Yes. NodeState is currently a class that's pretty difficult to subclass, and 
the PersistenceManager interface refers to it directly. If we change that (make 
NodeState an interface), we can just as well adjust the interfaces to better 
support the needs of this issue.

> Support flat content hierarchies
> --------------------------------
>
>                 Key: JCR-642
>                 URL: https://issues.apache.org/jira/browse/JCR-642
>             Project: Jackrabbit Content Repository
>          Issue Type: Improvement
>          Components: jackrabbit-core
>            Reporter: Jukka Zitting
>
> The current best practice with Jackrabbit is to avoid flat content structures 
> due to performance concerns.
> These concerns are caused by the fact that the NodeState implementation 
> requires the list of child node names and identifiers to be available at all 
> times.  In fact many (all?) current persistence managers implement this 
> requirement by storing and loading this list as a part of the serialized node 
> state. When this list grows, the performance and memory overhead of managing 
> the list grows as well. As a side note, this also creates potential 
> consistency issues since the parent/child links are stored both within the 
> child list of the parent node and as the parent link of the child node.
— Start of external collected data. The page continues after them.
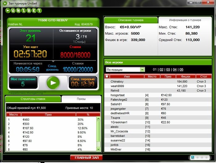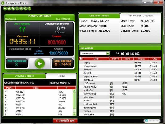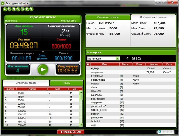 Юнибет: +200 $ (около 1000 турниров)
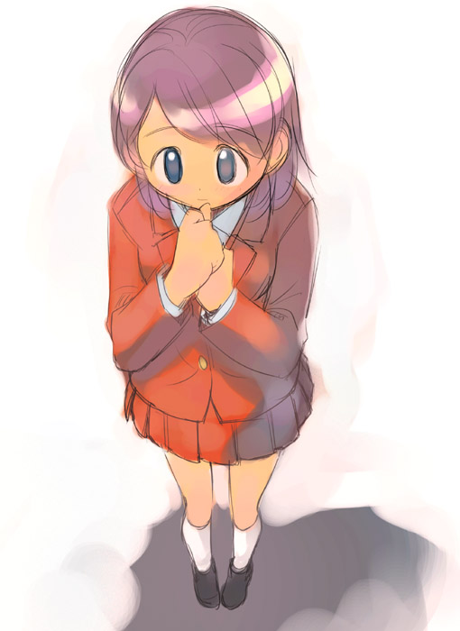 1girlblazerblue eyesblushfemale focusfull bodyjacketkneehighsloaferslong sleevespleated skirtpurple hairred skirtshoesshort hairsimple backgroundskirtsockssolostandingwhite backgroundwhite socks
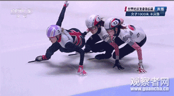 去年3月的短道速滑世锦赛上,女子1000米半决赛中,韩国名将沈石溪和崔敏静正在竞争一个第二名的位置。
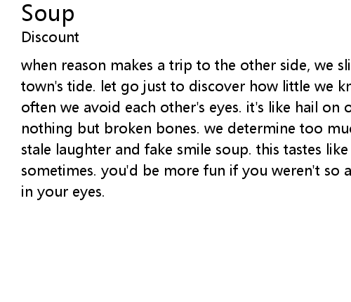 | when reason makes a trip to the other side, we slip under the cover, swim in the town's tide. let go just to discover how little we know about each other, how often we avoid each other's eyes. it's like hail on our backs. we're digging up nothing but broken bones. we determine too much over the telephone. it's like stale laughter and fake smile soup. this tastes like shit. you taste like shit sometimes. you'd be more fun if you weren't so afraid of getting a little salt in your eyes. |

> To solve this issue, I believe we need to break the tight bonding between the 
> node state and the list of child nodes. This will likely require major 
> refactoring of the Jackrabbit core, including breaking the NodeState and 
> PersistenceManager interfaces, so I don't expect a solution in near future. 
> However, we should start thinking about how to best do this, and at least be 
> concerned about building in any more assumptions about the list of child 
> nodes always being readily available.